A NOTE ON THE CLUB'S HISTORY 

The History of the Liver Sketching Club

The Liver Sketching Club was founded on 11 May 1872 - initially as the Liverpool Amateur Sketching Club. In 1874, its name was changed to its present one as dropping the word 'Amateur' paved the way for professional artists to become members.

The club was founded by Samuel Burkinshaw, the Art Master at Liverpool College  and ten of his students - Joseph Hetherington, Johnathon Viner Garrett Loney, James Towers, Robert L Farmer, George M Richardson, John C Halfpenny, Albert Sutcliffe, J G Owens, John Skirrow and J B Brew.

 

The meeting at which the club was founded was held in the Committee Room at St Augustine's School in Salisbury Street where members initially met. Since then, it has been based at various locations around Liverpool - The Palatine, Cable Street [1875]; Pool Buildings, South Castle Street [1878]; 22 Williamson Street [1879]; Cuthbert’s Buildings, Clayton Square [1880]; 11 Dale Street [1890]; Bluecoat Chambers [1973]; 36 Seel Street [1993] and, since 2004, in Gostins Building, Hanover Street.  In 2017 we moved to our current studio at Oriel Chambers in Water Street.
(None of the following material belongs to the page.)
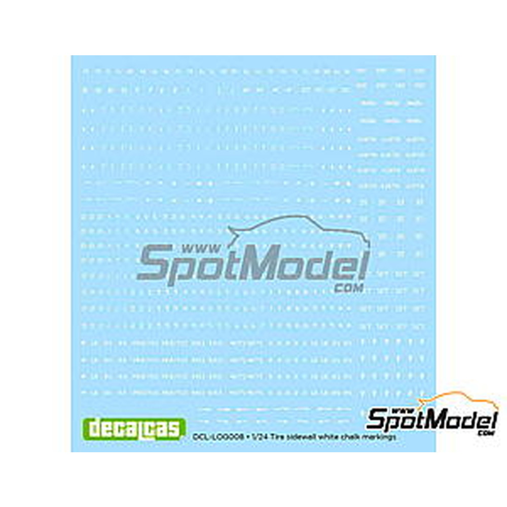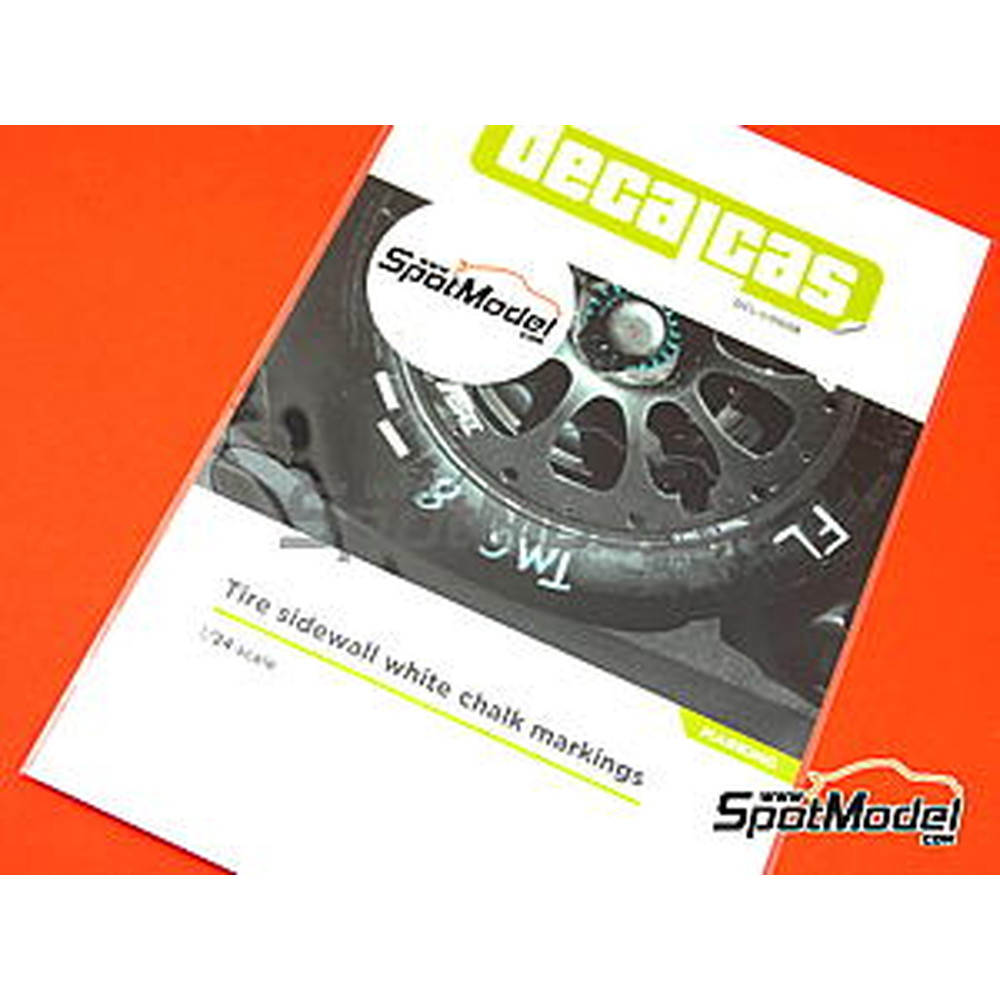 このデカールセットではそうしたレーシングカーのタイヤのサイドウォールに手書きされるサインを再現しています。中でもホワイトのチョークを使ったマーキングをセレクト。数字やアルファベット、あるいはタイヤの回転方向を示す矢印など、豊富にセットされています。

There we continuie as a city centre art club providing life, portrait drawing and painting classes from a live model.

Dale Street studio, 1895

 

By 2022 the Liver Sketching Club will have  been continuously active in Liverpool for 150 years and at present is busier than ever with about 90 members attending one or more of around 40 regular meetings each month - almost all of them working from the live model. The club regularly exhibits at various external venues as well as its own studio  holding an Open Night each year in May. It has an extensive library, a significant archive and a collection of work by past members.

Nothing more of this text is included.